CEO Andrew Taplin has been promising a significant increase to the size and quality of the resource from its recent infill and extensional aircore program, and today he delivered the outcome of the work by suggesting
Port Gregory now has enough garnet to meet five years of global demand.
The total resource now stands at 166 million tonnes grading 4% total heavy minerals for 5.9Mt of contained garnet, with minor ilmenite and rutile credits.
Encouragingly for the company's development plans the majority of the resource is measured.
The deposit remains open to the south and north.
Taplin said the company will now move into a prefeasibility study, building on
scoping studies that suggest Port Gregory has a capital cost of a modest $110 million, a four-year payback and a free cash flow of $588 million.
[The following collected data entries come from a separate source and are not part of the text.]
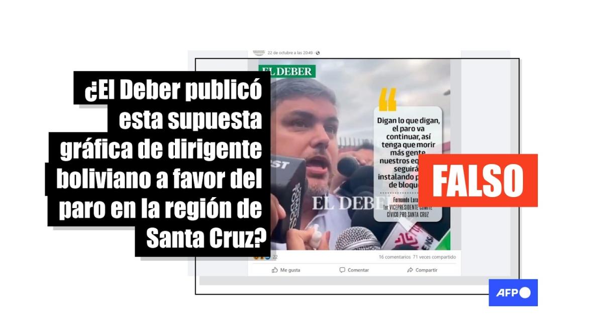 Mónica Salvatierra, jefa de redacción de El Deber, dijo a AFP Factual que la imagen viral no fue publicada por el diario.
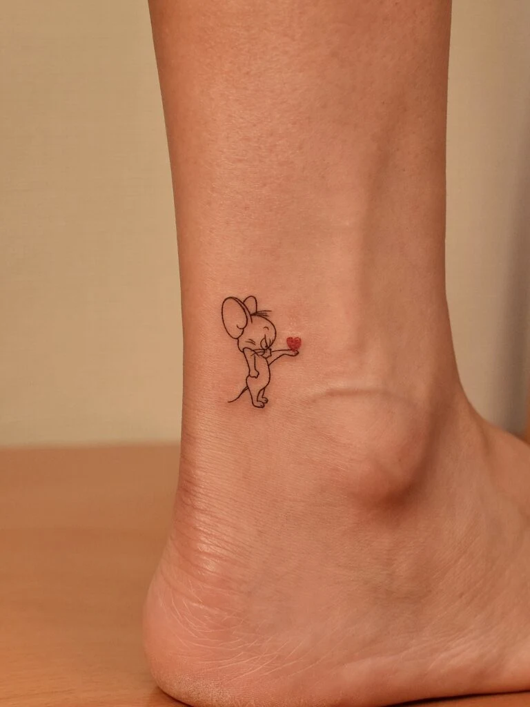 Placed on the ankle, it feels playful, charming, and full of character. The mouse adds a touch of whimsy, and the heart conveys affection, warmth, or love.
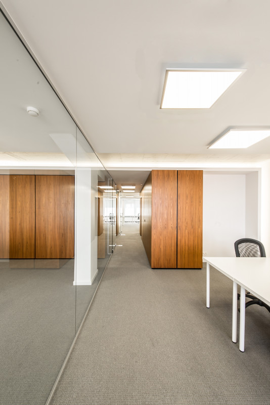 The structure of the building is revealed by glass walls whereas technical spaces have been covered with wood veneer which, all in all, brings an interesting balance in materials.
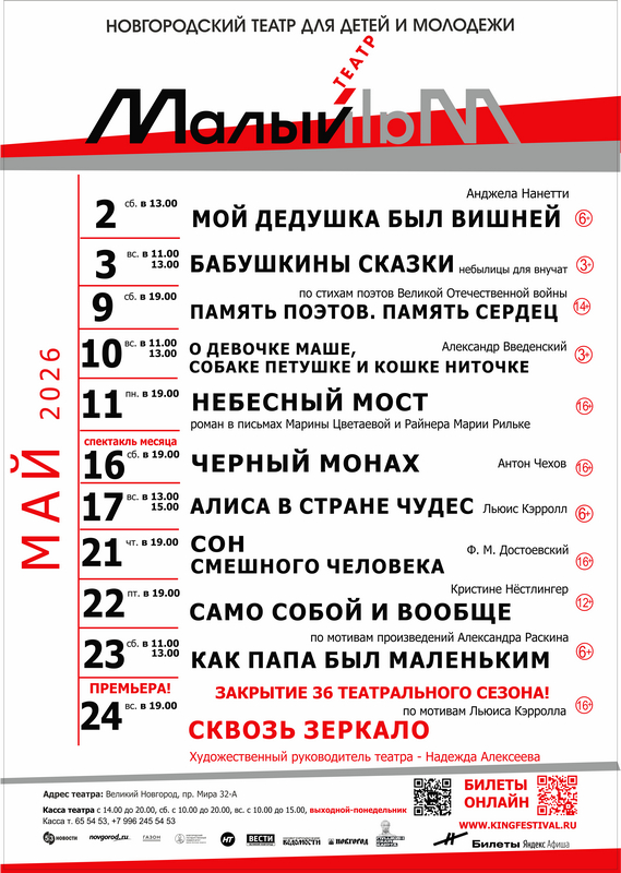 — 6 мая не забываем купить билеты дешевле в течение одного дня — акция «Первая среда месяца» со скидками на детские и взрослые спектакли.

The project's net present value and internal rate of return were estimated at $253 million and 33%.
Bulk sampling for end-user acceptance testing is scheduled to start later this year.
There are already two garnet mines north of Port Gregory, but with Indian, Australian and USA supply and production challenges materially impacting global supply, Taplin believes the market can support a third.
The company also has a 90-150Mt at 4.1-5.4% THM exploration target for its nearby Red Hill project.
Heavy shares were up some 240% in early trade to hit an infra-day and 12-month peak of 39c per share.
At the time of writing the stock was still up 195% at 33c, capitalising it at $17.5 million. It closed at 11c on Friday.